Date: Monday, October 27, 2025

Title: (1376–1404) Sjögren’s Disease – Basic & Clinical Science Poster II: Clinical Manifestations and Health Outcomes

Session Type: Poster Session B

Session Time: 10:30AM-12:30PM

Background/Purpose: To evaluate the incidence of cardiovascular and cerebrovascular events (CVEs) in patients with Sjögren’s Disease (SjD), focusing on major adverse cardiovascular events (MACE), defined as non-fatal myocardial infarction, non-fatal stroke, or cardiovascular death. Additional objectives were to identify both traditional and disease-specific risk factors associated with CVEs; to assess CV risk using the SCORE2 algorithm and compare predicted versus observed event rates; to examine the impact of CVEs on all-cause mortality; and to determine the prevalence of conventional cardiovascular risk factors (CVRFs) within this population.

Methods: We conducted a prospective, multicenter observational study including 314 patients with SjD who met the 2002 AECG classification criteria. Median follow-up was 9.5 years. Clinical, serological, demographic variables, CVRFs, and CVEs were recorded. Independent predictors of MACE and overall CVEs were identified using multivariate Cox proportional hazards regression models. Cardiovascular risk was estimated using the SCORE2 algorithm. Expected event rates were calculated by summing individual predicted probabilities. CV mortality was compared to the general population using standardized mortality rate (SMR), based on official data from the Spanish National Institute of Statistics. Relative risk (RR) of all-cause mortality was assessed according to the presence of prior or incident CVEs.

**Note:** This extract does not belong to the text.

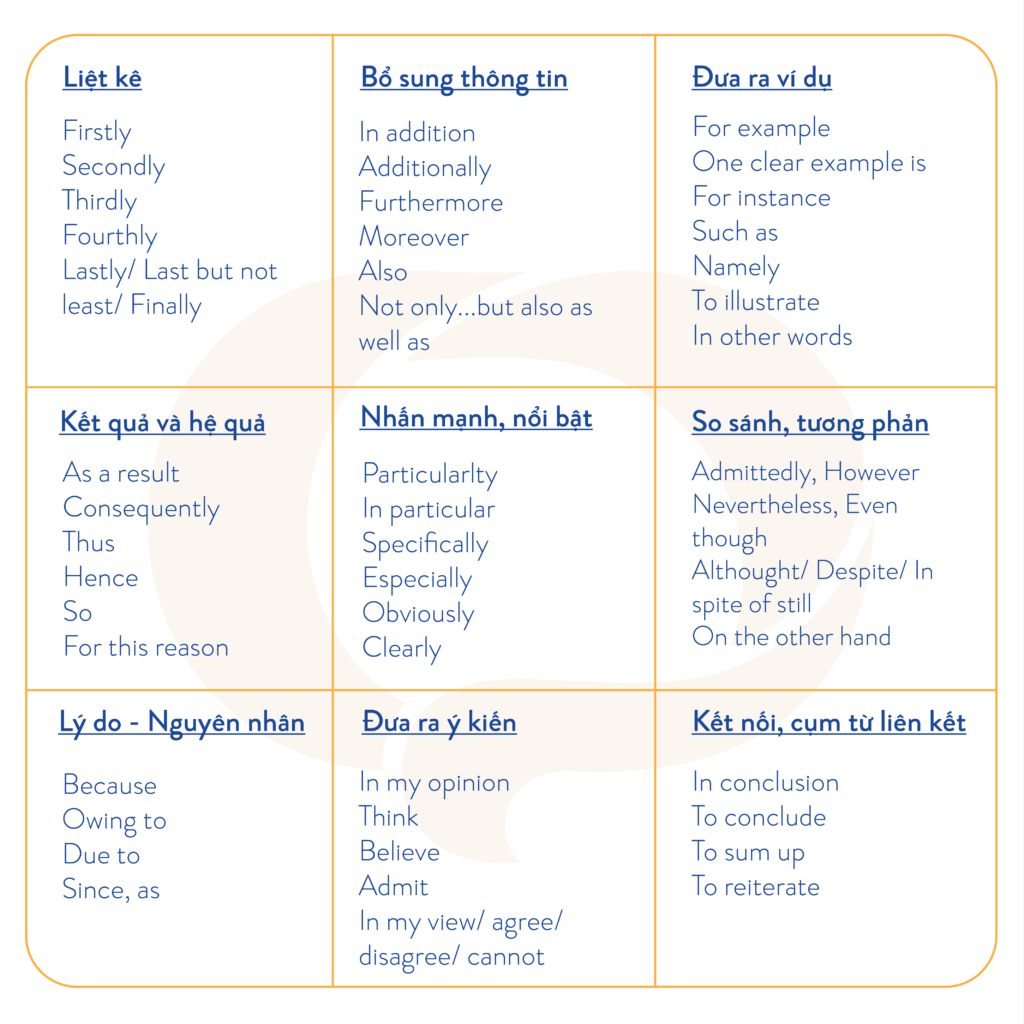 Ngoài ra, việc sử dụng từ nối là rất cần thiết để làm cho bài viết mạch lạc hơn. Các từ nối chỉ trình tự như “firstly,” “next,” hay “finally” giúp bạn tổ chức ý tưởng một cách rõ ràng. Bên cạnh đó, để bổ sung thêm thông tin, bạn có thể áp dụng các cụm từ như “in addition,” hay “moreover.”

Results: Among 314 patients (94.6% women; median age 58.7 [IQR 50.7–67.1]), 29 CV events occurred: pericarditis (1.27%), conduction abnormalities (1.27%), ischemic heart disease (1.59%), heart failure (1.59%), peripheral artery disease (0.95%), and cerebrovascular events (2.55%). Seventeen patients (5.41%) experienced MACE: 7 non-fatal strokes (2.23%), 5 non-fatal myocardial infarctions (1.59%), and 5 cardiovascular deaths (1.59%). Among the 130 patients with complete SCORE2 data, the expected number of events was 5.74 (4.41%), while 11 events (8.46%) were observed, including 6 MACE (4.62%) and 5 non-MACE events (3.85%).Independent predictors of CV events were age (OR 1.06; 95% CI 1.01–1.14), cryoglobulinemia (OR 10.13; 95% CI 1.63–62.88), glucocorticoid use (OR 3.44; 95% CI 1.29–9.19), and antiphospholipid antibodies (OR 5.33; 95% CI 1.15–24.79). Predictors of MACE included age (OR 1.07; 95% CI 1.01–1.14), cryoglobulinemia (OR 10.41; 95% CI 1.37–79.26), and glucocorticoid use (OR 3.53; 95% CI 1.00–12.51). See the prevalence of traditional CVRFs in Table 1. CV mortality accounted for 11.9% of all deaths. The SMR for CV mortality was 5.09 (95% CI 5.08–5.11). Previous CVEs were significantly associated with increased all-cause mortality (RR 3.27; 95% CI 1.90–5.63).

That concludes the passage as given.